The opposition’s problem is not Simon Bridges’ performance, it’s not the party losing faith and it’s not even a fallen MP raising merry hell, writes RNZ’s Guyon Espiner

The salacious saga of Jami-Lee Ross has severely tested Simon Bridges over recent weeks.

The Ross story is the political equivalent of a page-turning novel, but the real plot twist for National doesn’t lie here but in the dry prose of the Treasury, Statistics New Zealand and the Reserve Bank.

The story set out on those pages is one of an economy in good health. That makes the going tough for National as it prepares for 2019 – the middle year of the term and the no-man’s land for Opposition.

Despite the JLR derailment, National has largely been on track in its role as government critic.

Michael Woodhouse has been forensic in the Karel Sroubek case, leaving Minister Ian Lees-Galloway struggling to explain why he granted residency to the Czech drug smuggler.

Chris Bishop has doggedly hounded the government over the appointment of Deputy Police Commissioner Wally Haumaha.

Paul Goldsmith has beavered away on the Provincial Growth Fund, this week revealing the ‘missing meetings’. More than 60 engagements Shane Jones held were not declared, some of which related to the $3 billion fund he presides over. Judith Collins continues to chip away at KiwiBuild and its Minister Phil Twyford.

But National’s shots at its most important target – the economy – are missing the mark.

Bridges marked the anniversary of the new administration by declaring it “a year of economic mismanagement” and claiming that “under this government the economy is slowing”. But it was hard to find the numbers to match his words.

At 3.9% unemployment is the lowest in 10 years. Or in the words of the Reserve Bank “employment is around its maximum sustainable level”.

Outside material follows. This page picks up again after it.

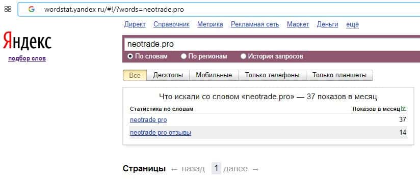 Количество брендовых запросов название домена компании "neotrade.pro" на Яндекс Вордстарт составило 37 показов за месяц.

GDP grew 1% in the September quarter. It’s the strongest growth in two years, nearly double the OECD average and rivalled only by the US. It was broad based – 15 out of 16 industries expanded, with only mining dropping back. The RBNZ believes GDP growth will “pick up” over 2019.

Cost of living pressures are real but the latest CPI increase of 1.9% recorded by Stats NZ is low by historic standards. Further blunting National’s grab for attention on hip pocket issues, petrol prices dropped 10 cents a litre in October.

In the housing sector rents have been rising, as have concerns about KiwiBuild, but the dangerously hot Auckland market has cooled safely so far. ASB said this week more Kiwis believed it was a good time to buy a house than at any point in the last five years.

Mortgage rates are almost subterranean. This week ANZ offered a one year rate of 3.95 percent, claiming it was the lowest since World War II. A time traveller with a mullet or shoulder pads might have thought a one had been mistakenly left off the front of the rate (mortgage rates were nudged 20 percent in the late 1980s).

A deep grave has been dug for claims of a fiscal hole. A surplus of $5.5 billion is forecast and the government is on track to meet its Budget Responsibility Rules of spending at 30% of GDP and debt at 20%.

This seems to leave Labour more vulnerable to attack from the left than the right. Aside from a few tweaks, and despite the rhetoric about expunging neo-liberalism, the economic paradigm remains.

The TPP has a new name, 90-day job trials are gone for big companies but remain for SMEs and teachers and nurses strike for a greater share of the surplus billions.

Foreigners can’t buy houses but can certainly buy land. RNZ revealed this week, Greens Minister Eugenie Sage approved nearly every foreign land sale in her first nine months as minister, putting nearly 60,000 hectares into foreign hands.

National might claim the government has failed to live up to promises of transformational change. But then National’s warnings of economic vandalism haven’t materialised either.

The JLR saga has sparked stories suggesting Bridges could be rolled. But he has to worry less about his MPs doing the numbers and more about the economic numbers. As he had to admit on Morning Report this week, those numbers are looking pretty good.